As the pandemic evolves, so is the tendency of people to take moral positions they would not normally endorse. Most notably, many left-wing commentators are becoming moral scolds, stressing ideals of individual responsibility.
Consider these words:
“So it’s time to stop being diffident and call out destructive behavior for what it is. Doing so may make some people feel that they’re being looked down on. But you know what? Your feelings don’t give you the right to ruin other people’s lives.”
If I had read that paragraph two years ago, I might have thought it was a conservative columnist lamenting inner-city crime, or perhaps complaining about the behavior of homeless people in San Francisco. But no: It is Paul Krugman discussing those who will not get vaccinated or wear masks. He calls it “the rage of the responsible,” and it is emblematic of a broader set of current left-wing attitudes, most of all toward the red state responses to the pandemic.
To be clear, I agree with Krugman’s point, and I frequently express similar sentiments. All the same, I wonder about the rules here. When exactly are “the responsible” allowed to express their quiet rage, on which issues and on which terms?
The alternative to this rage is the language of victimhood. For example, many on the left tend to portray the homeless as hostages to circumstances largely beyond their control: the high cost of housing, unjust eviction policies, a tattered social welfare state, perhaps mental illness or drug addiction.
There is some truth in all those hypotheses. Still, when it comes to the homeless, am I also allowed to express the quiet rage of the responsible? Or is only the rhetoric of victimhood allowed?
There is no doubt that homeless people suffer very real injustices. But it could be argued that allowing oneself to become homeless is a greater abdication of responsibility than refusing to be vaccinated. It is also worse for your health and bad for the community, as anyone from San Francisco can tell you.
One rejoinder might be that a pandemic is different. Maybe so, but if this were the 1980s, during the peak of the HIV-AIDS epidemic, one could imagine a Moral Majority advocate expressing sentiments similar to Krugman’s about gay men who engage in unsafe sex. Today such a view would be considered uncouth, at least in the mainstream media, and that’s not only because there are now effective treatments against HIV-AIDS. This kind of scolding has mostly gone out of fashion, especially when the recipients have been victims of prior or current social discrimination.

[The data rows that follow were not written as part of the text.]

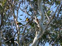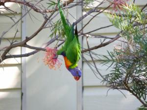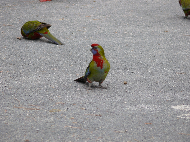 Am Ausgang des Campingplatzes sitzen bunte Sittiche in den Büschen, unser erster Kontakt mit der schillernden australischen Tierwelt.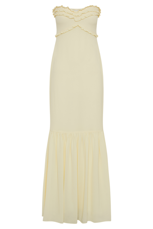 Olivette Strapless Chiffon Maxi Dress - Lemon Sherbet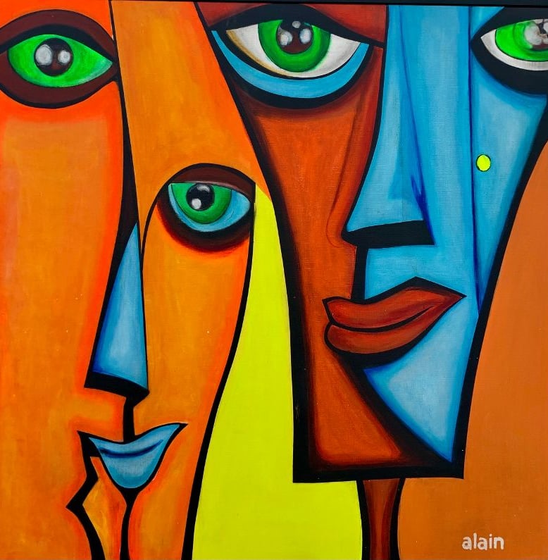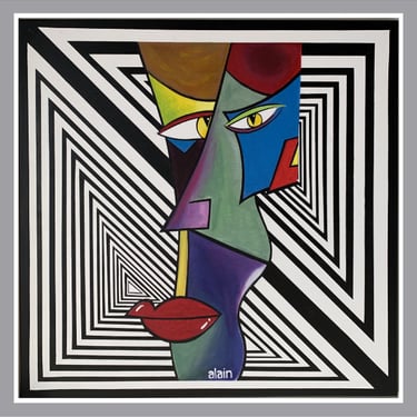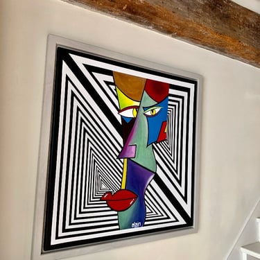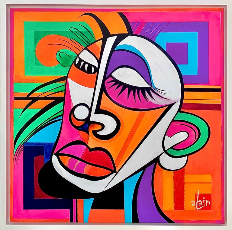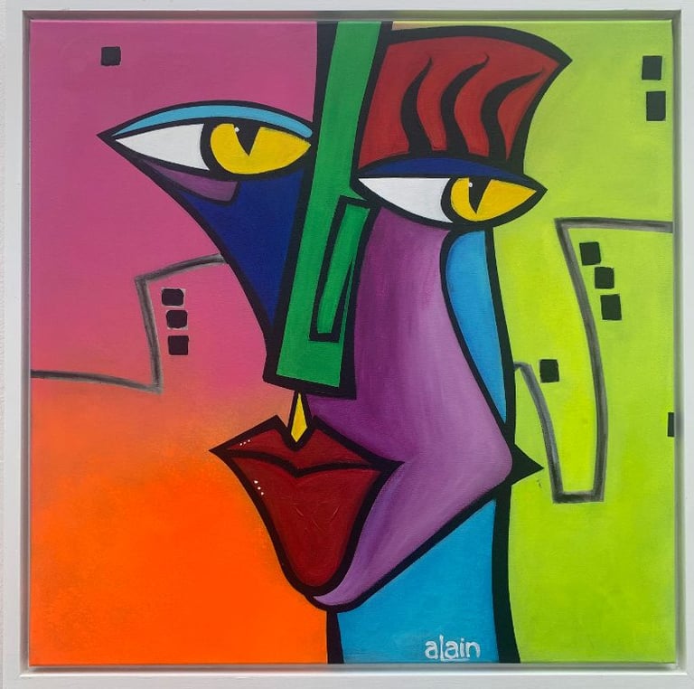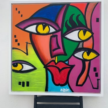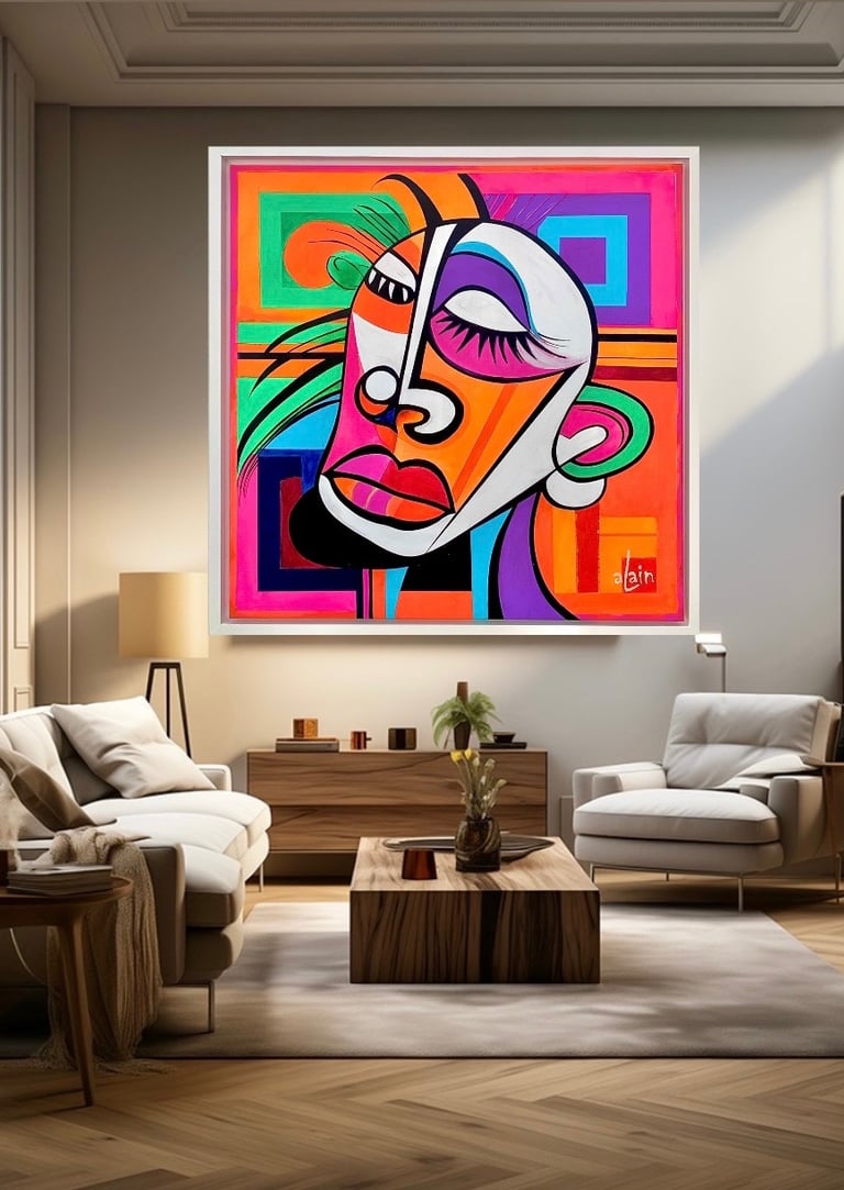 peinture a l'acrylique, modèle unique, toile en lin, encadrée, 80cm x 80cm,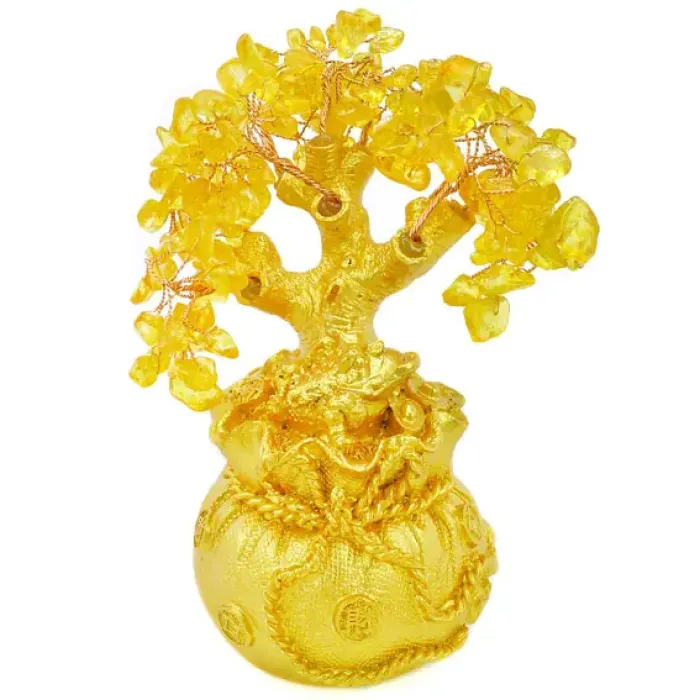 Денежное дерево с цетрином и трехлапой жабой на мешке богатства 20см V029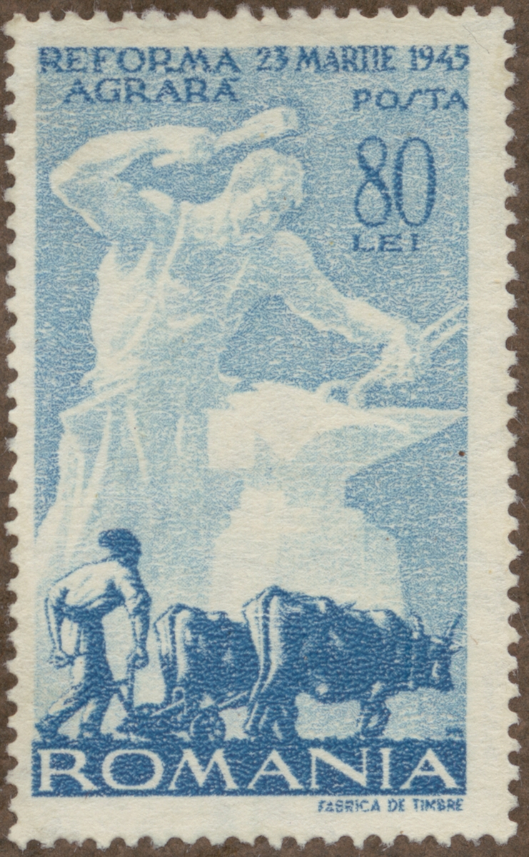 Frimärke från Rumänien, 1946. Motiv av Plöjning med oxar: Smidning av plogjärn -Minne av Agrarreformen 23 mars 1945-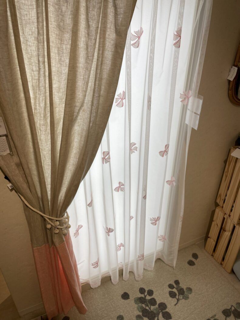 びっくりカーテンのショールームでは前回のブログでご紹介しました他所のお店で出来ないカーテンのコーディネートを体験できます。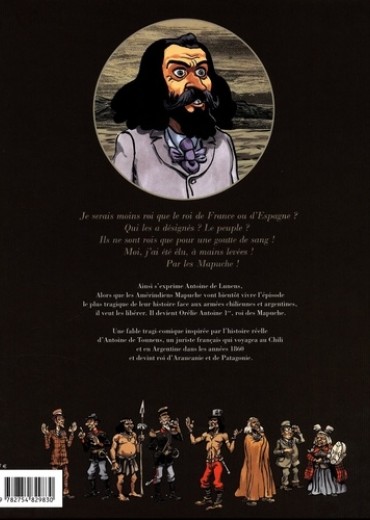 "Je serais moins roi que le roi de France ou d'Espagne ? Qui les a désignés ? Le peuple ? Ils ne sont rois que pour une goutte de sang ! Moi, j'ai été élu, à mains levées ! Par les Mapuche ! " Ainsi s'exprime Antoine de Lunens. Alors que les Amérindiens Mapuche vont bientôt vivre l'épisode le plus tragique de leur histoire face aux armées chiliennes et argentines, il veut les libérer. Il devient Orélie Antoine Ie, roi des Mapuche. Une fable tragi-comique inspirée par l'histoire réelle d'Antoine de Tounens, un juriste français qui voyagea au Chili et en Argentine dans les années 1860 et devint roi d'Araucanie et de Patagonie.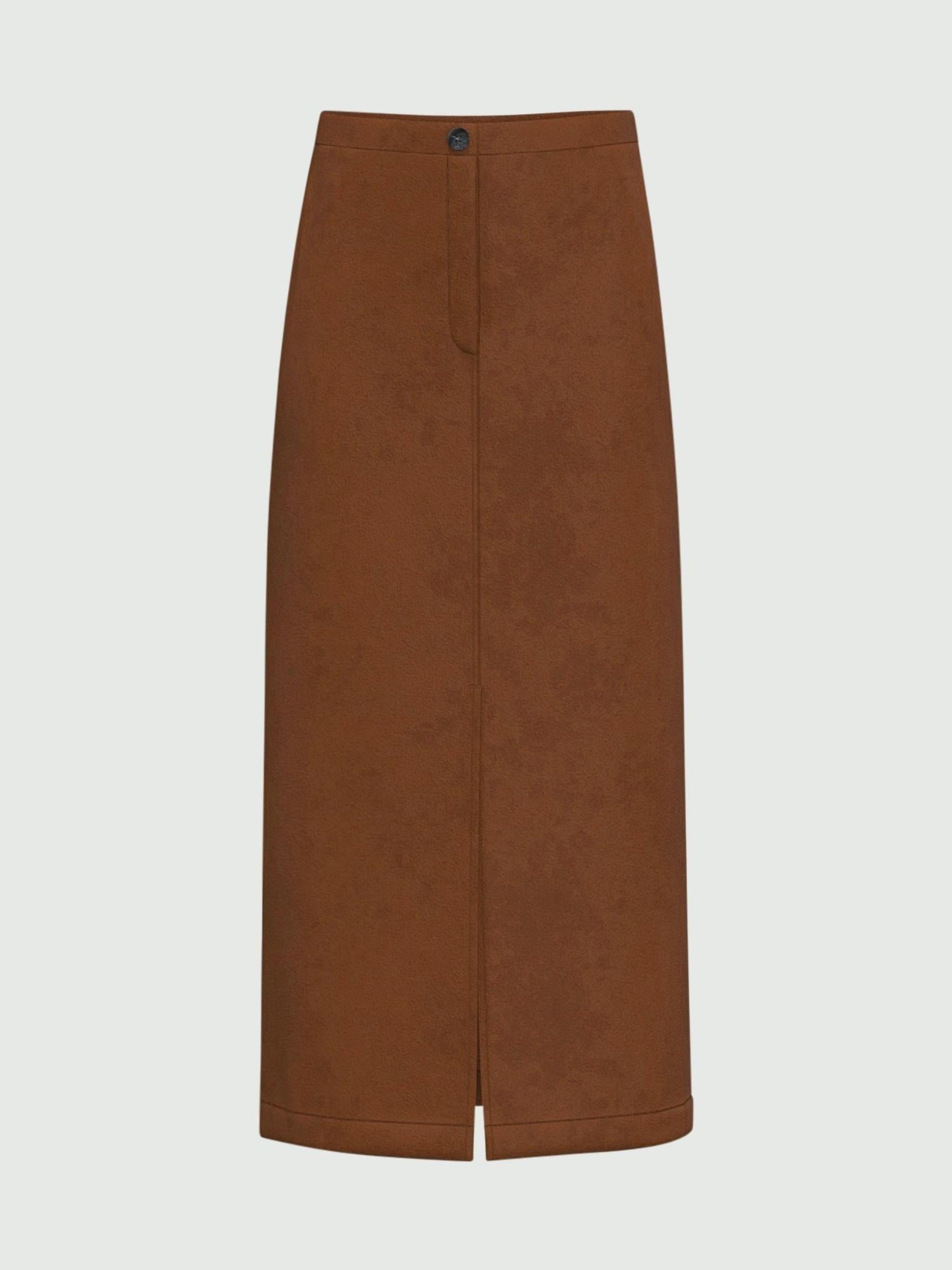 With its soft, smooth finish, this jersey marks a new step in the urban aesthetic. Designed as a pencil skirt, it instantly becomes cool, the perfect piece for everyday wear. Soft, smooth technical jersey skirt. Straight pencil fit. Zip and button closure. Side slash pockets. Back darts. Center front and back vents. Fabric: 88% Polyester, 12% Elastane.

Or consider the question of suicide. There was a time in America when it was common to view suicide as a violation of Christian doctrine. Now there is largely sympathy for those who have killed themselves. Is this change for the better? Maybe, but it’s not clear that this issue has been given serious evidence-based consideration. Scolding sometimes helps to limit the number of wrong deeds, and everyone does it to some degree, even when it is sometimes not appropriate.
Then there are alcohol and drug abuse, which have some features of epidemics in that they exhibit social contagion. Your drunkenness, for example, on average encourages some of your friends to experiment with the same. But scolding alcoholics also is out of fashion, even though the social costs of alcohol abuse are extremely high, especially when considered cumulatively. As a teetotaler, I sometimes express my own quiet rage of the responsible, and my reaction is mostly considered a strange curiosity.
It is not only left-wing thinkers who have ended up in strange ideological positions. Governor Ron DeSantis of Florida, a conservative Republican and one of America’s leading right-wing politicians, has essentially expanded public health-care coverage in his state by setting up mobile units to administer monoclonal antibodies to Covid-19 sufferers. I’m all for that. At the same time, I notice he continues to oppose Medicaid expansion in Florida.
What explains the attitudinal shifts we are seeing? One possibility is that left-wing thinkers are getting more puritanical and are more comfortable in their new role as scolds, including with respect to sex and vaccination and mask-wearing. That would leave Trumpist Republicans as the defenders of medical choice and the sexual libertinism of the 1960s and 1970s.
Another possibility, not mutually exclusive, is that few of us are intellectually consistent, and so our scolding is increasingly shaped by affective political polarization. The left will scold the practices of Trump supporters, while the right will scold the woke, and views on any particular issue will be adjusted to fit into this broader pattern. If an issue is not very partisan, such as alcohol abuse or suicide, scolding simply will decline.
Here is an article on the movement to treat vaccinated patients first. Fine by me! But what exactly are the egalitarians supposed to say? Is meritocracy now allowed to rear its ugly head? Or do no other social outcomes have anything to do with your merit? Only this one? Really?